Please copy the lines below, exactly as they are, from the one with "Flower Double Strap Chain Flip Flops" through the one with "Selanjutnya, tim patroli", and leave out the pictures.

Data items
= Beginning of Section =

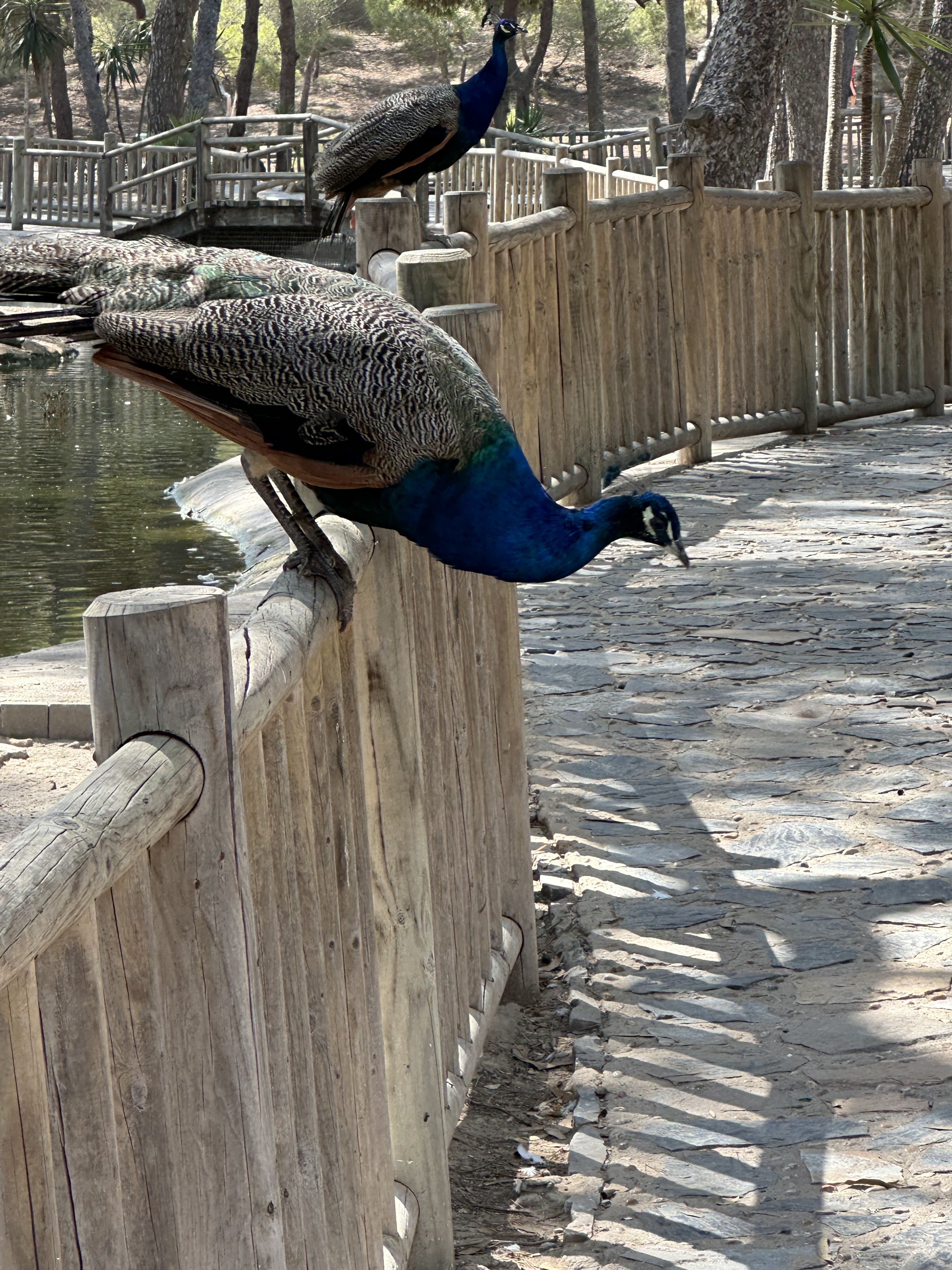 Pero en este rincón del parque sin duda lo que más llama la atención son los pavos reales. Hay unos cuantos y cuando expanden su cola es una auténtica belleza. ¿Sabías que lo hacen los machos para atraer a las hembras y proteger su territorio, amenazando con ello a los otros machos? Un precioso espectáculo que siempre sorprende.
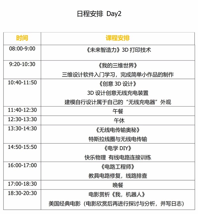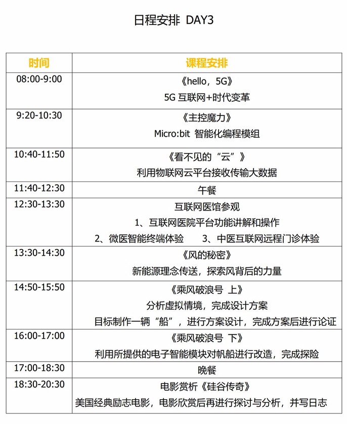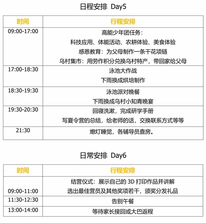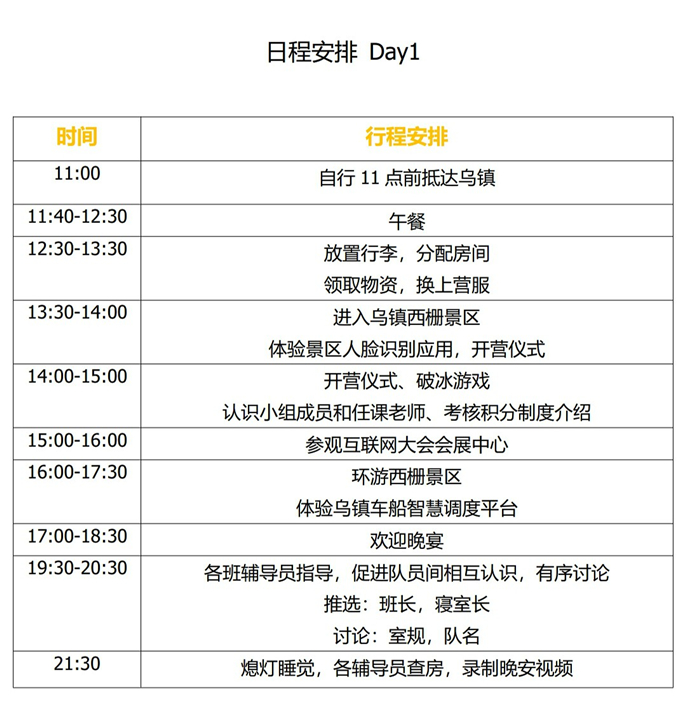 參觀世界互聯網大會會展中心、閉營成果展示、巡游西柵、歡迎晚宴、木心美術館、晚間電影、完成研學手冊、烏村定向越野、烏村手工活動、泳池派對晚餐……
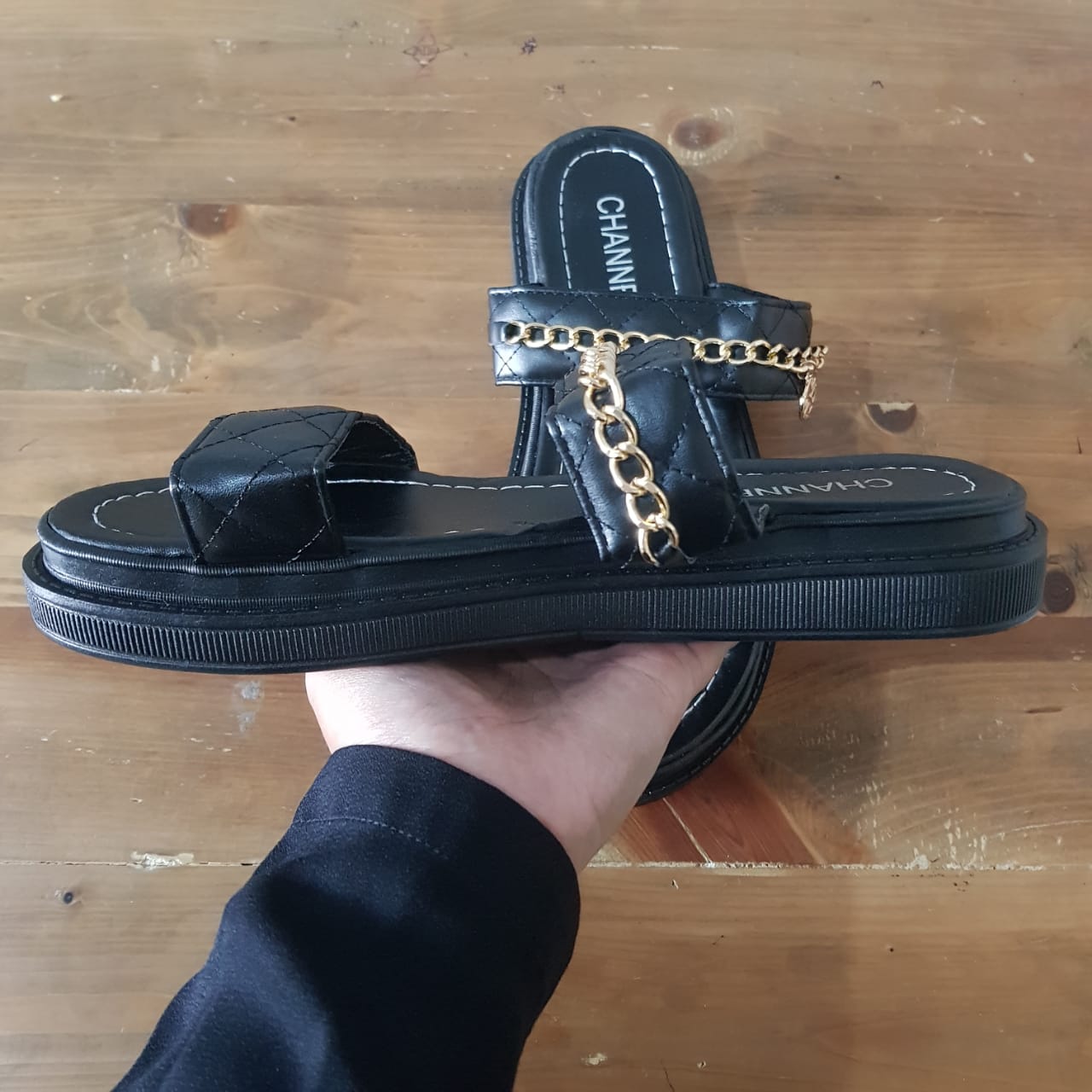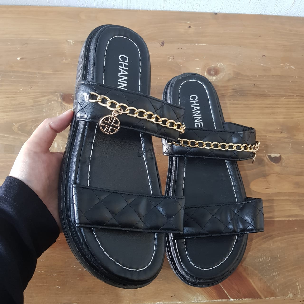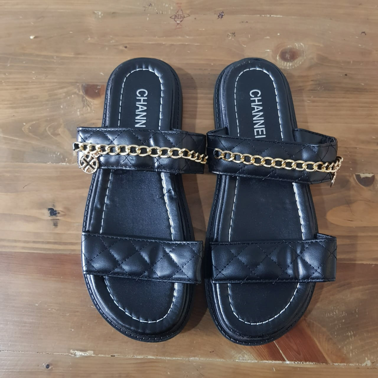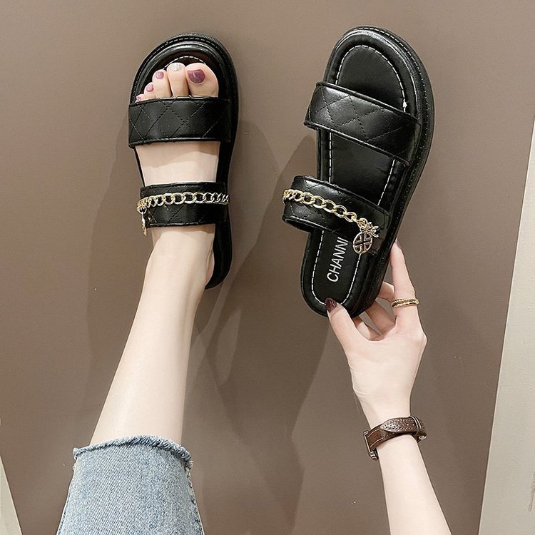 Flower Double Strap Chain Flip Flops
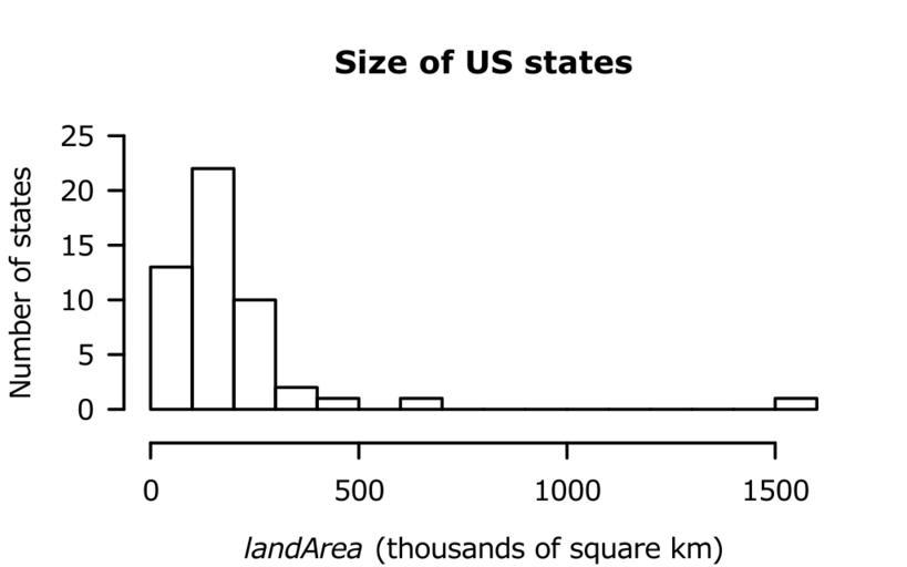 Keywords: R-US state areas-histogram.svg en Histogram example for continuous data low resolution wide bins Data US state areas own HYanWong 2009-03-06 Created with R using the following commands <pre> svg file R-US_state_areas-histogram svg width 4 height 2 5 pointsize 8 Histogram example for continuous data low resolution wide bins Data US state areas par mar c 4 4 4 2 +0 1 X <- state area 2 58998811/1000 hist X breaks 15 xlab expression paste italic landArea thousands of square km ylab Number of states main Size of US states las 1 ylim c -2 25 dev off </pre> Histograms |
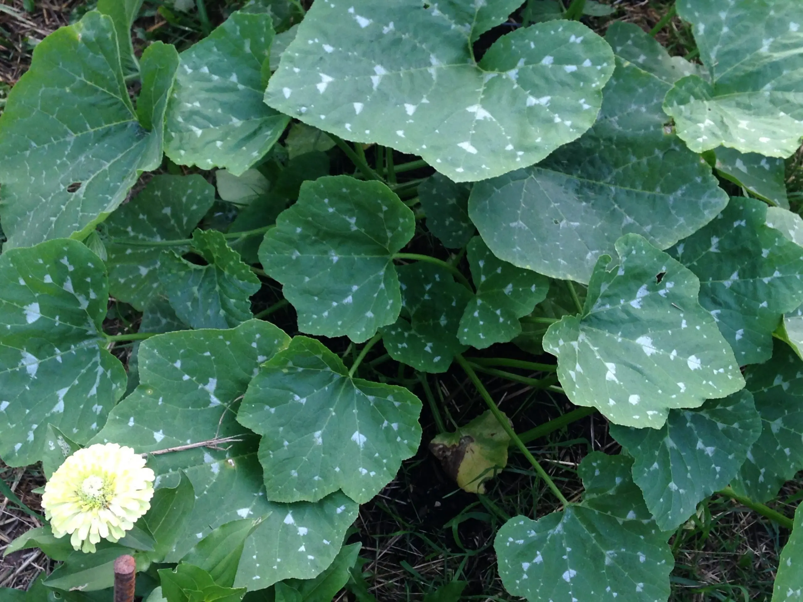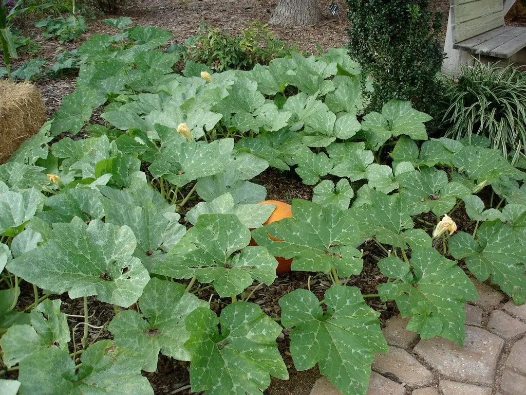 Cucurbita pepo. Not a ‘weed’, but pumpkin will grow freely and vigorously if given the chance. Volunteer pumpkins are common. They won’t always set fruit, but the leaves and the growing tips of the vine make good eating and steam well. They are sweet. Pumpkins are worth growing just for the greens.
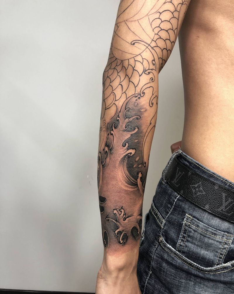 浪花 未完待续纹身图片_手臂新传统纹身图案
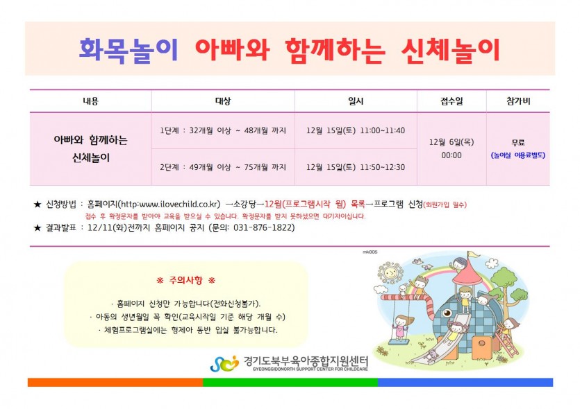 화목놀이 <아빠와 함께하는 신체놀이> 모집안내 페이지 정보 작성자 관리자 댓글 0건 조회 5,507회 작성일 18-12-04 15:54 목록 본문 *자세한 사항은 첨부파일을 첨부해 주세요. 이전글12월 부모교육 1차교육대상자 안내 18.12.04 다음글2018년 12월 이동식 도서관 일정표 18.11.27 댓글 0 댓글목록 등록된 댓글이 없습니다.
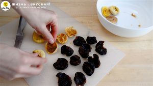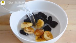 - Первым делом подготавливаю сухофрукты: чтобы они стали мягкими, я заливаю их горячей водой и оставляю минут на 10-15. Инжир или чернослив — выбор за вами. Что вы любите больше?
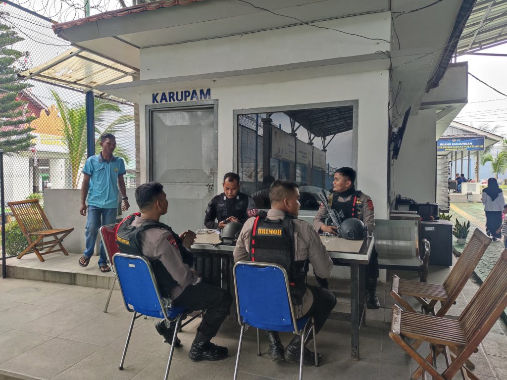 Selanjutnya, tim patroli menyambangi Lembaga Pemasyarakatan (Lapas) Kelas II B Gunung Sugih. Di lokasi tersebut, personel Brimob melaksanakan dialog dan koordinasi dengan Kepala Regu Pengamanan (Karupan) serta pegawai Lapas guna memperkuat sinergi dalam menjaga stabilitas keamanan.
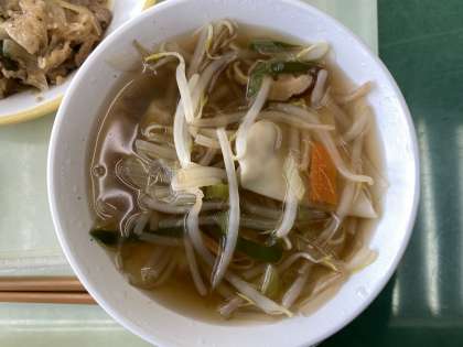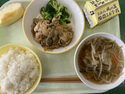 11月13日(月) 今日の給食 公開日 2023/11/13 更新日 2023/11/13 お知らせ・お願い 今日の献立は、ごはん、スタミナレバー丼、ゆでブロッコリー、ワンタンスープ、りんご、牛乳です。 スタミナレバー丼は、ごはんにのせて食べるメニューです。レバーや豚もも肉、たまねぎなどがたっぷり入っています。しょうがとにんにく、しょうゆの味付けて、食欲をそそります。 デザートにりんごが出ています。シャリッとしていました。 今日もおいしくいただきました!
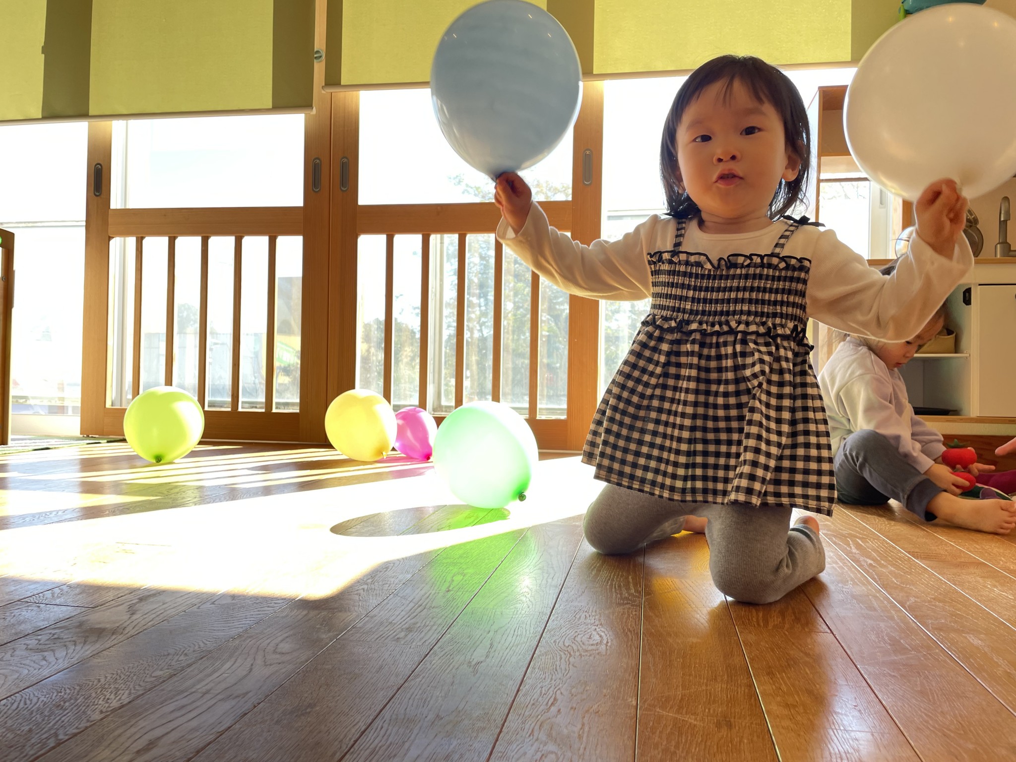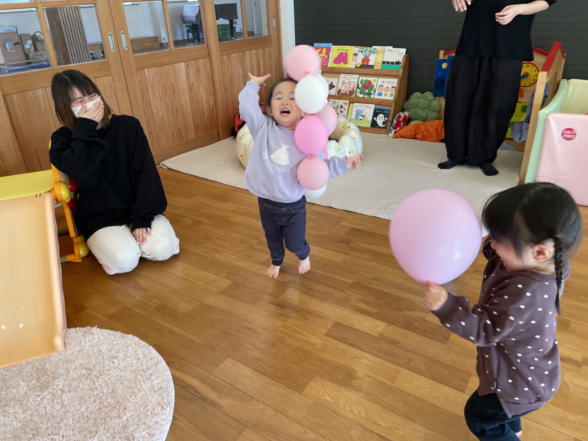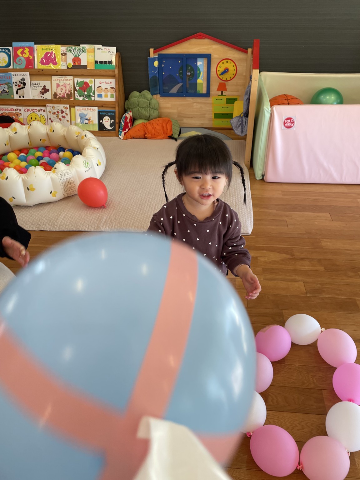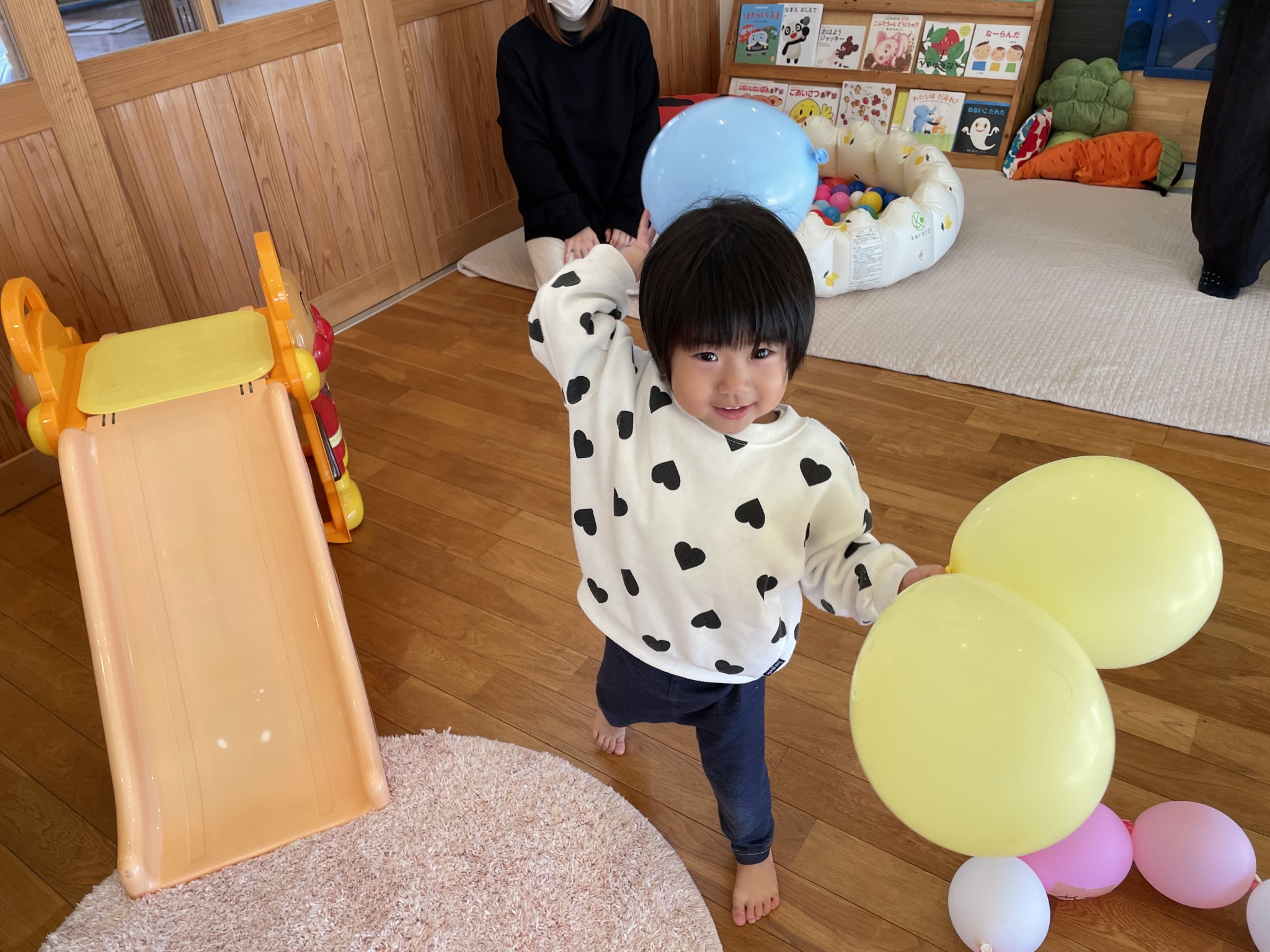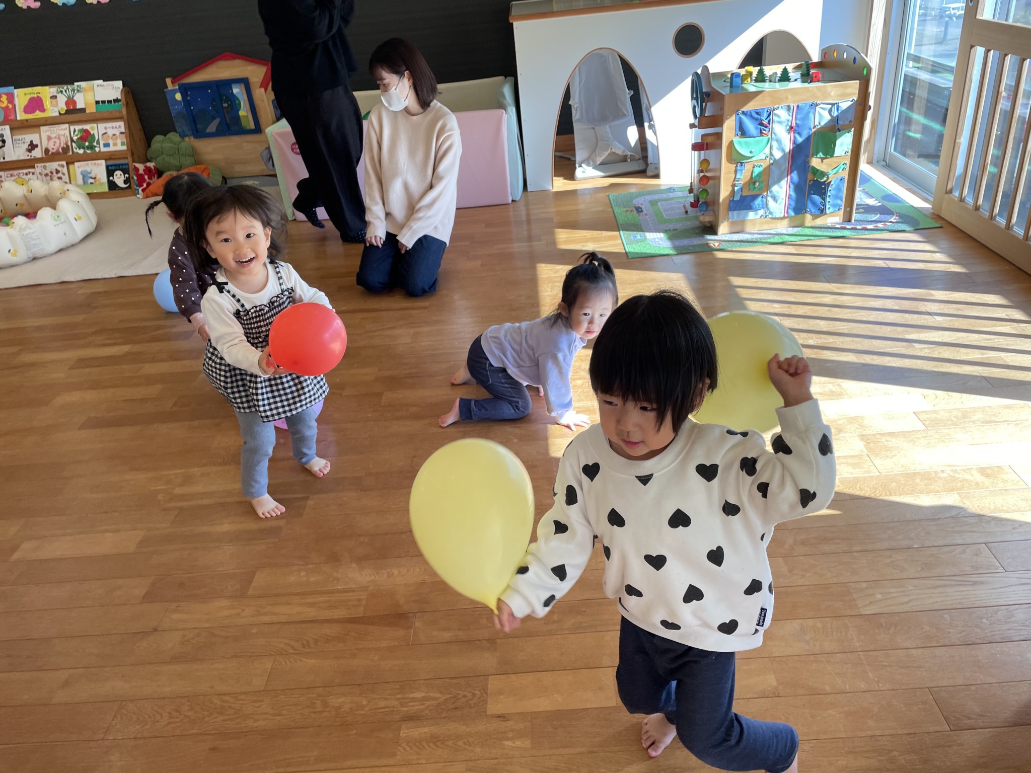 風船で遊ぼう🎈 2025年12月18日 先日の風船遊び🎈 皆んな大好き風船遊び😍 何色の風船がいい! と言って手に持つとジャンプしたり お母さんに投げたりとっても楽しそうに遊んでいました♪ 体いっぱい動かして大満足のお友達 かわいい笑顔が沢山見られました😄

= End of Section =

SOLVED PROBLEM:
 Flower Double Strap Chain Flip Flops
 Keywords: R-US state areas-histogram.svg en Histogram example for continuous data low resolution wide bins Data US state areas own HYanWong 2009-03-06 Created with R using the following commands <pre> svg file R-US_state_areas-histogram svg width 4 height 2 5 pointsize 8 Histogram example for continuous data low resolution wide bins Data US state areas par mar c 4 4 4 2 +0 1 X <- state area 2 58998811/1000 hist X breaks 15 xlab expression paste italic landArea thousands of square km ylab Number of states main Size of US states las 1 ylim c -2 25 dev off </pre> Histograms |
 Cucurbita pepo. Not a ‘weed’, but pumpkin will grow freely and vigorously if given the chance. Volunteer pumpkins are common. They won’t always set fruit, but the leaves and the growing tips of the vine make good eating and steam well. They are sweet. Pumpkins are worth growing just for the greens.
 浪花 未完待续纹身图片_手臂新传统纹身图案
 화목놀이 <아빠와 함께하는 신체놀이> 모집안내 페이지 정보 작성자 관리자 댓글 0건 조회 5,507회 작성일 18-12-04 15:54 목록 본문 *자세한 사항은 첨부파일을 첨부해 주세요. 이전글12월 부모교육 1차교육대상자 안내 18.12.04 다음글2018년 12월 이동식 도서관 일정표 18.11.27 댓글 0 댓글목록 등록된 댓글이 없습니다.
 - Первым делом подготавливаю сухофрукты: чтобы они стали мягкими, я заливаю их горячей водой и оставляю минут на 10-15. Инжир или чернослив — выбор за вами. Что вы любите больше?
 Selanjutnya, tim patroli menyambangi Lembaga Pemasyarakatan (Lapas) Kelas II B Gunung Sugih. Di lokasi tersebut, personel Brimob melaksanakan dialog dan koordinasi dengan Kepala Regu Pengamanan (Karupan) serta pegawai Lapas guna memperkuat sinergi dalam menjaga stabilitas keamanan.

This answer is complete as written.